This post is a continuation of a series where I use natural language processing (NLP) to analyze the text of Proust’s In Search Of Lost Time (ISLT). Here is the Python code for this series.
In my previous post I showed that the five most frequently mentioned characters in ISLT are Albertine (2338 mentions), Swann (1338), Charlus (1303), Robert Saint-Loup (1091) and Odette (971). But when do these references occur?
Readers of ISLT know that characters come and go as the story progresses.

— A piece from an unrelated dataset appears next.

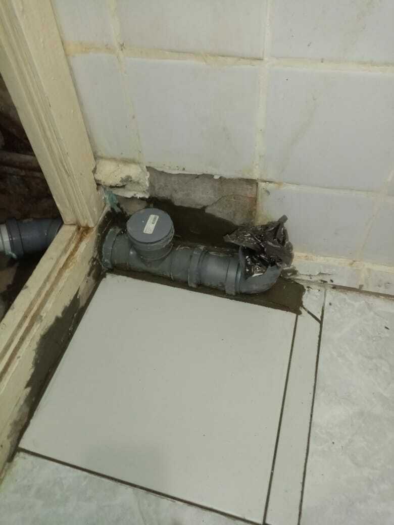 У клиентки лопнула сливная труба, сантехники все разворотили и нужно было заделать дыру в стене и положить плитку.

Swann and Odette play prominent roles in Volume 1 (Swann’s Way), whereas Albertine does not enter the story until Volume 2, coming to the fore as an object of the Narrator’s obsessions in Volumes 5 (The Prisoner) and 6 (The Fugitive).
I thought it would be interesting to try and visualize these transitions, so I recorded the chapter and paragraph of each reference of each character, in effect producing “coordinates” for every portion ofthe text. For example, the first proper name in the text (appropriately, François Ier), is (1, 1). I counted the number of references for each name within each of the 486 chapters.
These counts constitute a kind of “character heat map”: when characters are referenced frequently in a chapter, these counts are high, and are zero if a character is not mentioned at all.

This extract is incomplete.